** Opening Data provided block **

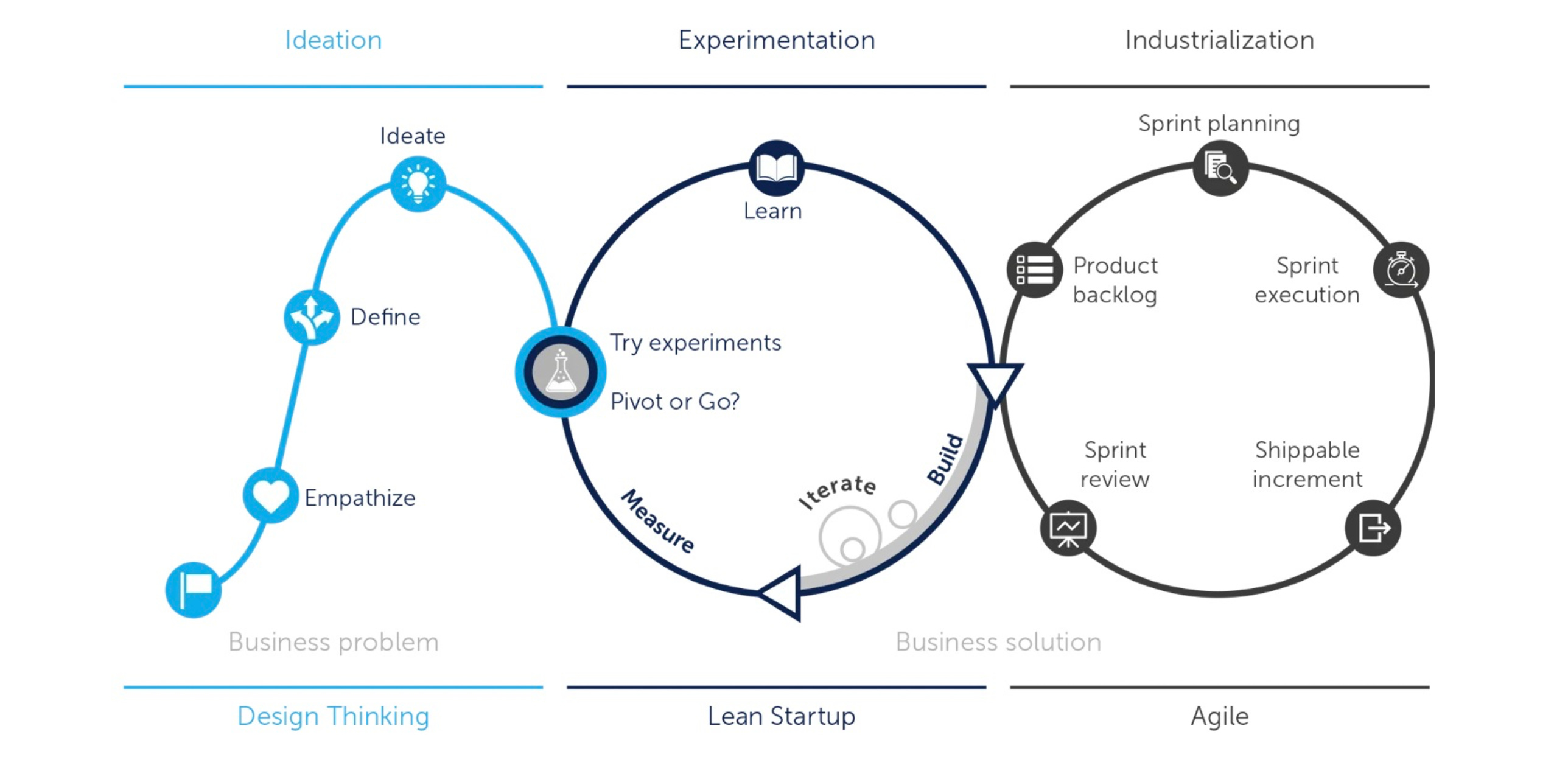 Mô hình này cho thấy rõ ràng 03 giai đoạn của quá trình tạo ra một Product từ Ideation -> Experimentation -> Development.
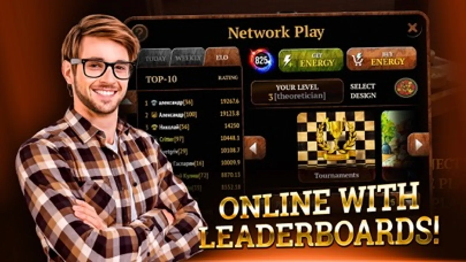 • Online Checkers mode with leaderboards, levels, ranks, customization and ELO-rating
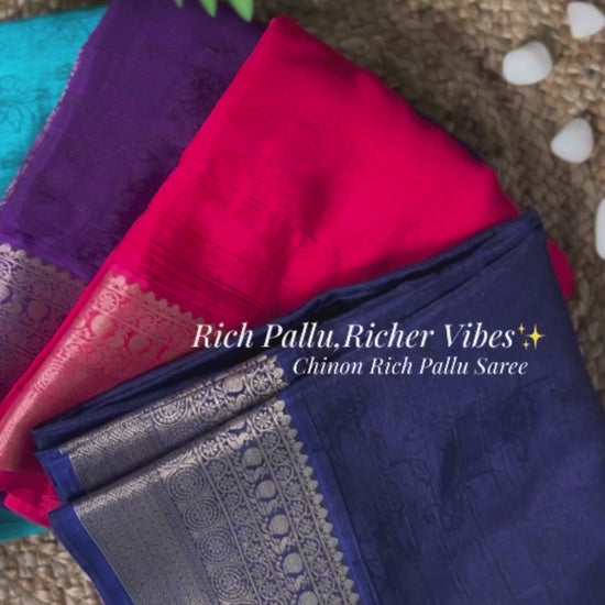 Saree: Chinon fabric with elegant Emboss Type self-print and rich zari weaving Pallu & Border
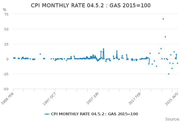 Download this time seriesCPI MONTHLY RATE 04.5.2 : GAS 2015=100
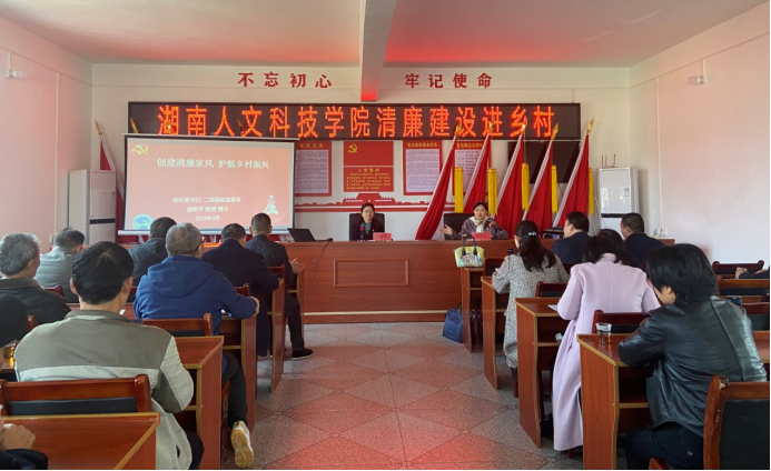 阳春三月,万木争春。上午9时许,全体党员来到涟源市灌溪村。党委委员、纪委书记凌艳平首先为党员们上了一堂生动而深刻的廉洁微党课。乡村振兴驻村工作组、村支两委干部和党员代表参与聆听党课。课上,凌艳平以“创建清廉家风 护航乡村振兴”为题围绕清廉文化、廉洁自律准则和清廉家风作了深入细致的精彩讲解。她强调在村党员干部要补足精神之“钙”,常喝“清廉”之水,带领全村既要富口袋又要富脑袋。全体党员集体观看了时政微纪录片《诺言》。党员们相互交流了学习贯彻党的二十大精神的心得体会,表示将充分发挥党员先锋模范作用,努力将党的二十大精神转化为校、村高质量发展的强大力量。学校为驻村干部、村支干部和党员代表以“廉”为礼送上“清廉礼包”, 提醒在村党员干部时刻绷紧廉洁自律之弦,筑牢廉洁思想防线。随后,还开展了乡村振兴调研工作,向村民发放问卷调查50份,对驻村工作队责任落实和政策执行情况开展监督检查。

** Closing Data provided block **

- _What you have to do_
An exact restatement of the entries above is needed; no picture may appear in it.

- _Exercise answer_
 Mô hình này cho thấy rõ ràng 03 giai đoạn của quá trình tạo ra một Product từ Ideation -> Experimentation -> Development.
 • Online Checkers mode with leaderboards, levels, ranks, customization and ELO-rating
 Saree: Chinon fabric with elegant Emboss Type self-print and rich zari weaving Pallu & Border
 Download this time seriesCPI MONTHLY RATE 04.5.2 : GAS 2015=100
 阳春三月,万木争春。上午9时许,全体党员来到涟源市灌溪村。党委委员、纪委书记凌艳平首先为党员们上了一堂生动而深刻的廉洁微党课。乡村振兴驻村工作组、村支两委干部和党员代表参与聆听党课。课上,凌艳平以“创建清廉家风 护航乡村振兴”为题围绕清廉文化、廉洁自律准则和清廉家风作了深入细致的精彩讲解。她强调在村党员干部要补足精神之“钙”,常喝“清廉”之水,带领全村既要富口袋又要富脑袋。全体党员集体观看了时政微纪录片《诺言》。党员们相互交流了学习贯彻党的二十大精神的心得体会,表示将充分发挥党员先锋模范作用,努力将党的二十大精神转化为校、村高质量发展的强大力量。学校为驻村干部、村支干部和党员代表以“廉”为礼送上“清廉礼包”, 提醒在村党员干部时刻绷紧廉洁自律之弦,筑牢廉洁思想防线。随后,还开展了乡村振兴调研工作,向村民发放问卷调查50份,对驻村工作队责任落实和政策执行情况开展监督检查。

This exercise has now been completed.